Et pourtant, la bêtise et la méchanceté sont des choses bien partagées.
Dans le numéro du 5 janvier 2012, Courrrier international relate les difficultés rencontrées en Inde par une auteure qui a démontré la multiplicité et la diversité des versions du Ramayana, patrimoine communs des hindouhistes, des musulmans, des bouddhistes.
"Mais la vision universaliste et humaniste du Ramayana véhiculée par Ramanujan se heurte à celle de groupes hindous
extrémistes pour lesquels “il n’y a qu’un Ramayana, celui de Valmiki, c’est-à-dire la version aryenne et sanskrite du récit, venue de l’Inde du Nord”, comme l’explique la journaliste Sudha
Ramachandran dans le magazine en ligne Asia Times.

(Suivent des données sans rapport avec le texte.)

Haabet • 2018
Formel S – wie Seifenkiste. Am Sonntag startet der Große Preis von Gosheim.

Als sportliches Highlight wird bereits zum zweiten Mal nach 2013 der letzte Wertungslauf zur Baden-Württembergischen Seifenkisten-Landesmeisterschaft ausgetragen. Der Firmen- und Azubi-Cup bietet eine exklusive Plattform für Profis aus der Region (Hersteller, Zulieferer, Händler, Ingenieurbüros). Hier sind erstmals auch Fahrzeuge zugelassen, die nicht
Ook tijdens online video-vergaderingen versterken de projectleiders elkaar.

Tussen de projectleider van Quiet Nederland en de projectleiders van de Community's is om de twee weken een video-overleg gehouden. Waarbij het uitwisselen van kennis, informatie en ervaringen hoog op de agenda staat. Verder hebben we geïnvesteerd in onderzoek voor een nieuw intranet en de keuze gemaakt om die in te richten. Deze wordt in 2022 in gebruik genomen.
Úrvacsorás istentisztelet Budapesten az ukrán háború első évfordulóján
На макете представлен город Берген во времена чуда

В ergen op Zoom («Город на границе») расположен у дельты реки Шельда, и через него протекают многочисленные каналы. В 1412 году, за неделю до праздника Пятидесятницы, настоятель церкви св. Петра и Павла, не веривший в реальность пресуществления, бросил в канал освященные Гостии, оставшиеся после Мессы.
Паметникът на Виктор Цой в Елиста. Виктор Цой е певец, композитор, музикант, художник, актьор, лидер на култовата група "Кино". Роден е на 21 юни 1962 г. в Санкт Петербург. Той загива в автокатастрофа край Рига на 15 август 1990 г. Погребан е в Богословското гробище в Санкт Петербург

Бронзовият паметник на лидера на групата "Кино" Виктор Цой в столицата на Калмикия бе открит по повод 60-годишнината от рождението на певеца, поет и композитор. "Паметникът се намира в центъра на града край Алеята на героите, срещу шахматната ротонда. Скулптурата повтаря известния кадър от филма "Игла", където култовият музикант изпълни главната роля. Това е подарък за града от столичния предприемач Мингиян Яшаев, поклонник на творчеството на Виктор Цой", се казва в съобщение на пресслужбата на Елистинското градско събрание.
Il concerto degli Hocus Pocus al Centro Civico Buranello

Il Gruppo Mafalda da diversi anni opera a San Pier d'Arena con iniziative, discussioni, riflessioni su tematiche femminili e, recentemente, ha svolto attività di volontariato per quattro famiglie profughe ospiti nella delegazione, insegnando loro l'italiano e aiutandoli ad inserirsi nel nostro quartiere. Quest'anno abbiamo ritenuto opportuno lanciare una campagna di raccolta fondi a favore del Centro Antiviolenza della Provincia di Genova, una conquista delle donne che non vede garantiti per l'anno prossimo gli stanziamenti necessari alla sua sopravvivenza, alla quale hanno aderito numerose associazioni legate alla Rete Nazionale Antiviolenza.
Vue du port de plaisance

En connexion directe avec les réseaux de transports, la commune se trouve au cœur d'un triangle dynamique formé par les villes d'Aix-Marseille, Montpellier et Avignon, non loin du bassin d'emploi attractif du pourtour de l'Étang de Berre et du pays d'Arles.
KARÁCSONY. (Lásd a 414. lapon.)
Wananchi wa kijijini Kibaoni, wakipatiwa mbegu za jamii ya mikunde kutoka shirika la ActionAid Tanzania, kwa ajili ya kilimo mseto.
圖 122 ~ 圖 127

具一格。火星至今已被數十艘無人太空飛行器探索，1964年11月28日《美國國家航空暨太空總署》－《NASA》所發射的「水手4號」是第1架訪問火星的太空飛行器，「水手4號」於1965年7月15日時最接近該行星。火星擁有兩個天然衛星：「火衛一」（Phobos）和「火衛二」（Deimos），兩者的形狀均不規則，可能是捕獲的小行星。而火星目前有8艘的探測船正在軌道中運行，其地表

Au terme de trois ans de combat, les militants hindouistes ont obtenu en octobre dernier de l’université de Delhi qu’elle retire de sa liste de
lectures recommandées en licence d’histoire ce texte, jugé “blasphématoire et insultant pour les croyances de millions d’hindous”. Les militants avaient saisi la Cour suprême et obtenu la
constitution d’un comité d’experts chargé de statuer sur le sort de Three Hundred Ramayanas. L’argumentation d’un seul de ces experts a suffi pour faire pencher la balance en faveur de la mise à
l’index, déplore le magazine Open.
“Cette décision m’effraie, car elle contribue à asseoir l’idée que le Ramayana est la propriété exclusive des hindous et feint
d’ignorer que ce récit a été raconté et re-raconté par des musulmans, des bouddhistes et des gens d’autres confessions”, réagissait l’auteure de Sita’s Ramayana, Samhita Arni, dans le quotidien
Indian Express. Les futures générations d’étudiants seront mal armées pour comprendre la réalité de l’Inde, redoutait-elle aussi dans le magazine Tehelka."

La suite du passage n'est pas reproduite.